The exact lines of the listing, from its first through the line that contains "Remo de parede", are to make up the answer, and pictures are to be left out.

Input for this task section start

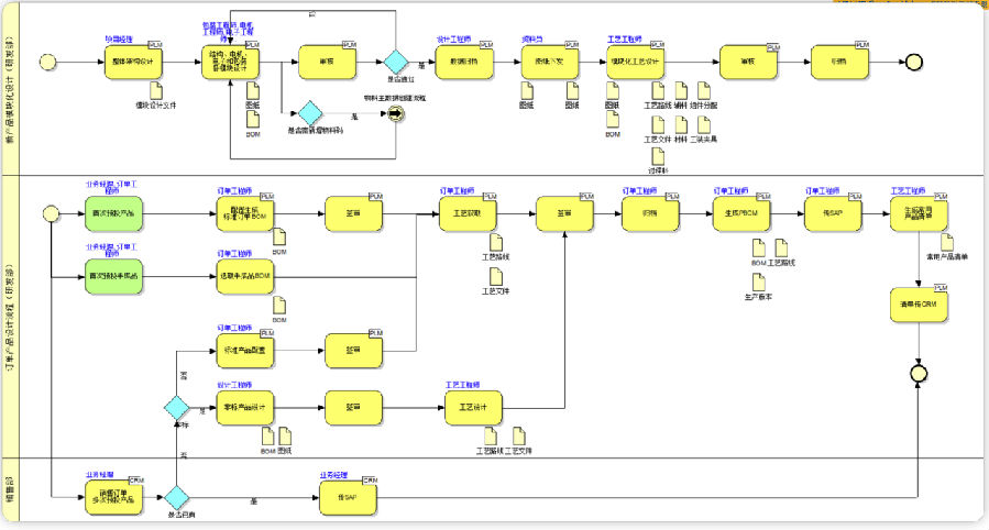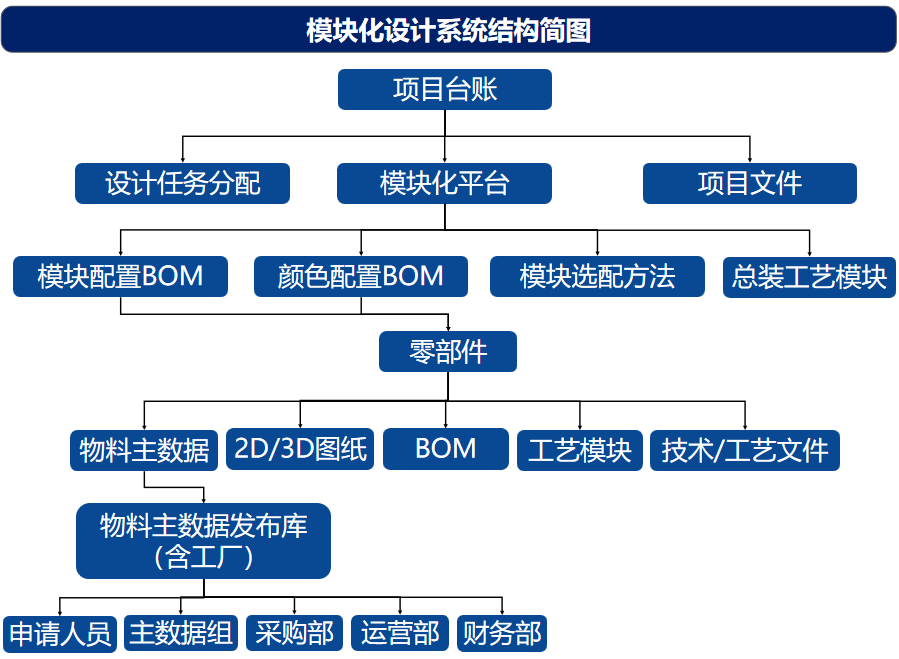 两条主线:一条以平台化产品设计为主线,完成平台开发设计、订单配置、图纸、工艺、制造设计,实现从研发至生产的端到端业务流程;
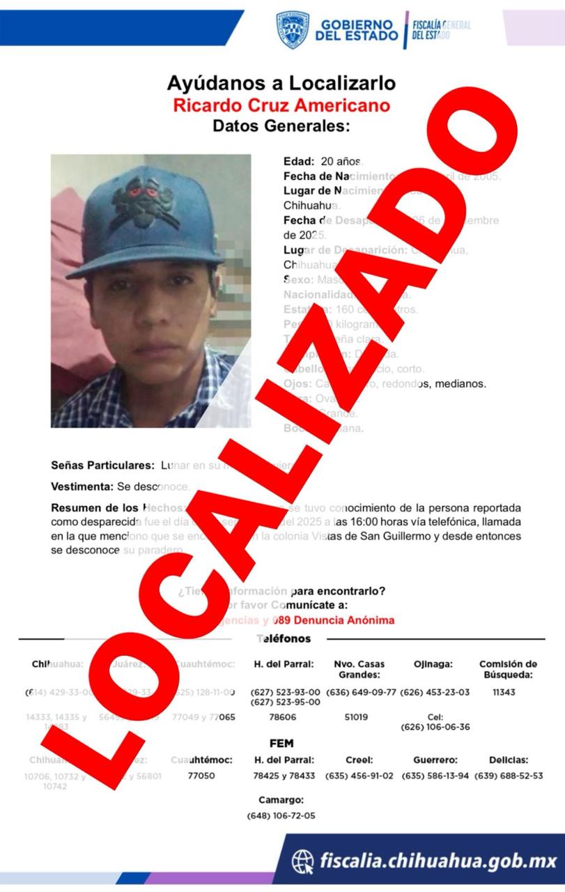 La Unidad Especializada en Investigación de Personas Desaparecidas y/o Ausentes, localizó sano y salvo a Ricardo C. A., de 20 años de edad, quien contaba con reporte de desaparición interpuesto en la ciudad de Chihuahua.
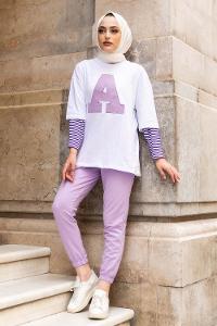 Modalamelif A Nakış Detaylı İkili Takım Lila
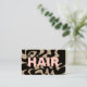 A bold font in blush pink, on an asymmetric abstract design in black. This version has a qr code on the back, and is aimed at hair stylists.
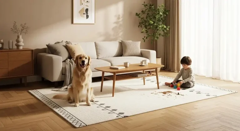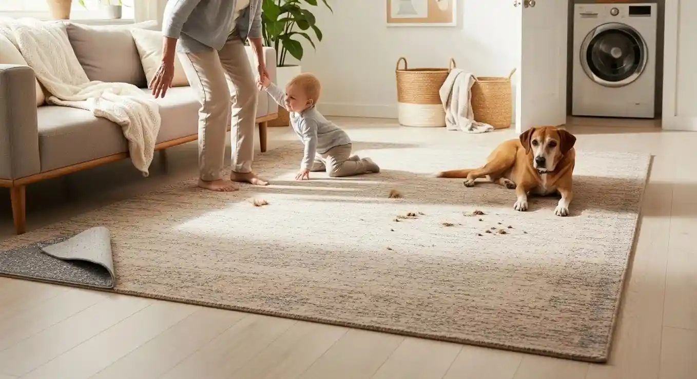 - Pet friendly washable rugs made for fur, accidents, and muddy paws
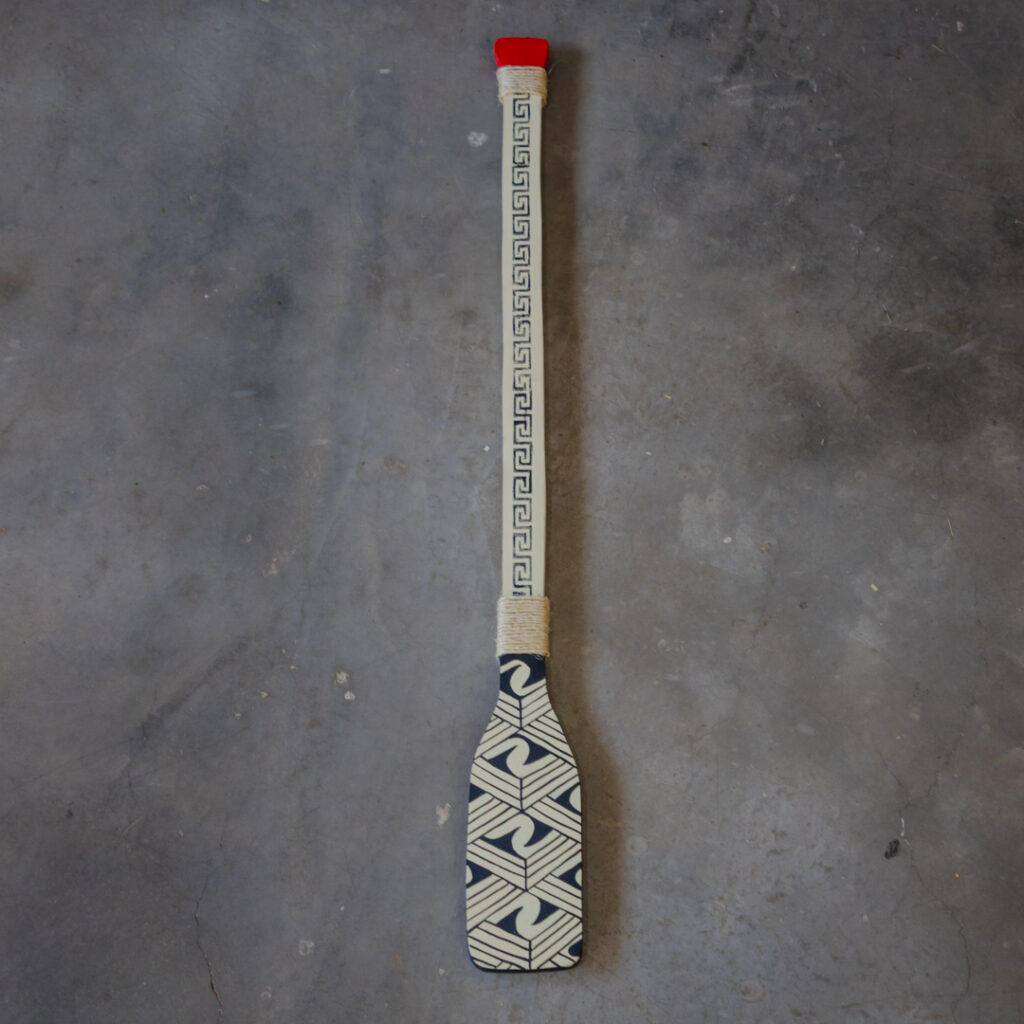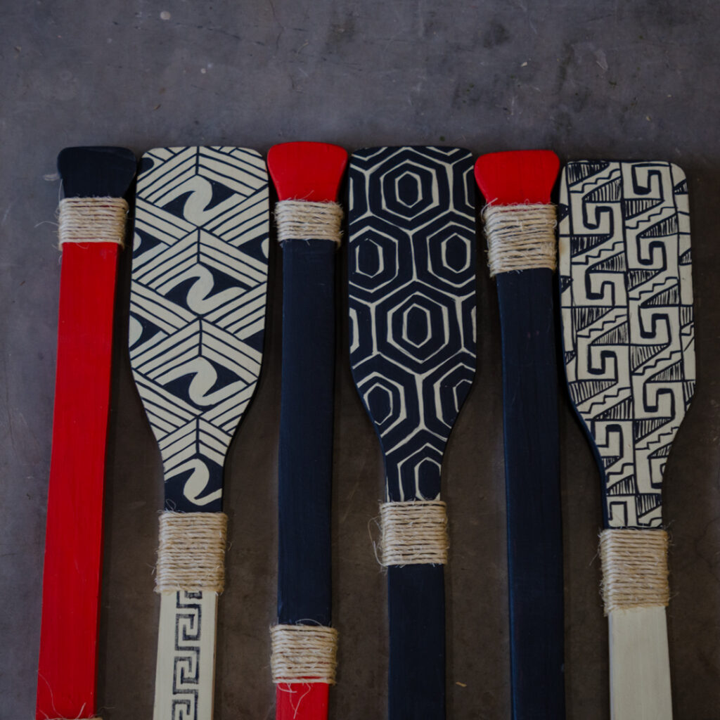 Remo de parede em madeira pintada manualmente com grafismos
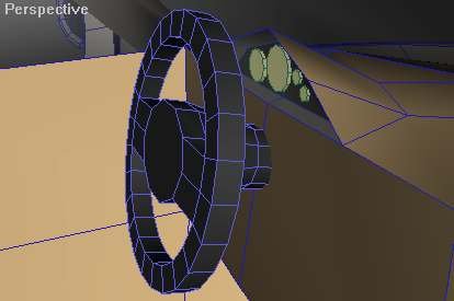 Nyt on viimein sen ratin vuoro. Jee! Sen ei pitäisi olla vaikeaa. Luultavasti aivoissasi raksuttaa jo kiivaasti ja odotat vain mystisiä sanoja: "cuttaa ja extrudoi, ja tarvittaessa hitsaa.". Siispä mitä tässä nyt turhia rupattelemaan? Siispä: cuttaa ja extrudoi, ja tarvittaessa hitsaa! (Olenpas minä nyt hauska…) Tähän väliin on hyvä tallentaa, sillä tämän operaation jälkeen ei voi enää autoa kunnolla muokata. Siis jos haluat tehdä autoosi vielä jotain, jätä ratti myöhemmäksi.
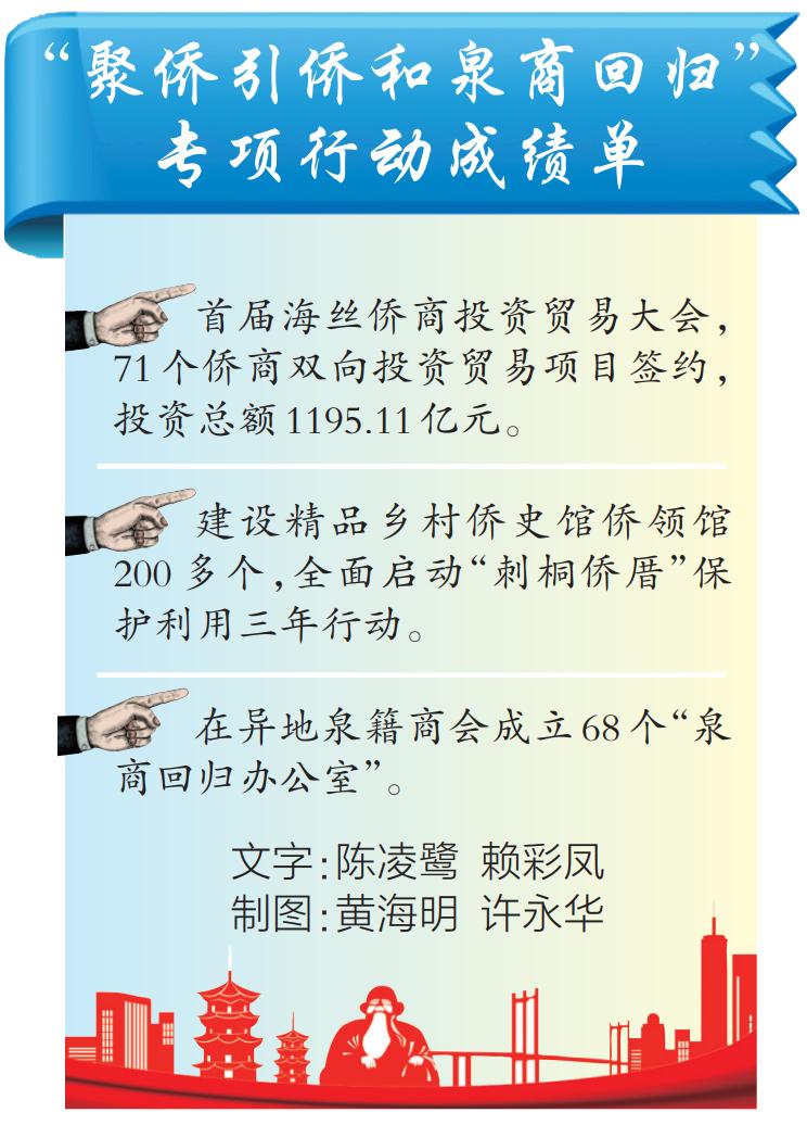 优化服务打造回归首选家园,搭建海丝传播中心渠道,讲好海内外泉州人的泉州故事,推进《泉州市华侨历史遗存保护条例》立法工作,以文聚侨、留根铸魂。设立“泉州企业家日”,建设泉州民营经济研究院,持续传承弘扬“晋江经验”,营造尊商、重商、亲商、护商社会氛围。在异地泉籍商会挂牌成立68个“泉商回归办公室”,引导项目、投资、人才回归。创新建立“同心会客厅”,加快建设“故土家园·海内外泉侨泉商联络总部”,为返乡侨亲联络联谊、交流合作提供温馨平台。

Input for this task section end

Result:
 两条主线:一条以平台化产品设计为主线,完成平台开发设计、订单配置、图纸、工艺、制造设计,实现从研发至生产的端到端业务流程;
 La Unidad Especializada en Investigación de Personas Desaparecidas y/o Ausentes, localizó sano y salvo a Ricardo C. A., de 20 años de edad, quien contaba con reporte de desaparición interpuesto en la ciudad de Chihuahua.
 Modalamelif A Nakış Detaylı İkili Takım Lila
 A bold font in blush pink, on an asymmetric abstract design in black. This version has a qr code on the back, and is aimed at hair stylists.
 - Pet friendly washable rugs made for fur, accidents, and muddy paws
 Remo de parede em madeira pintada manualmente com grafismos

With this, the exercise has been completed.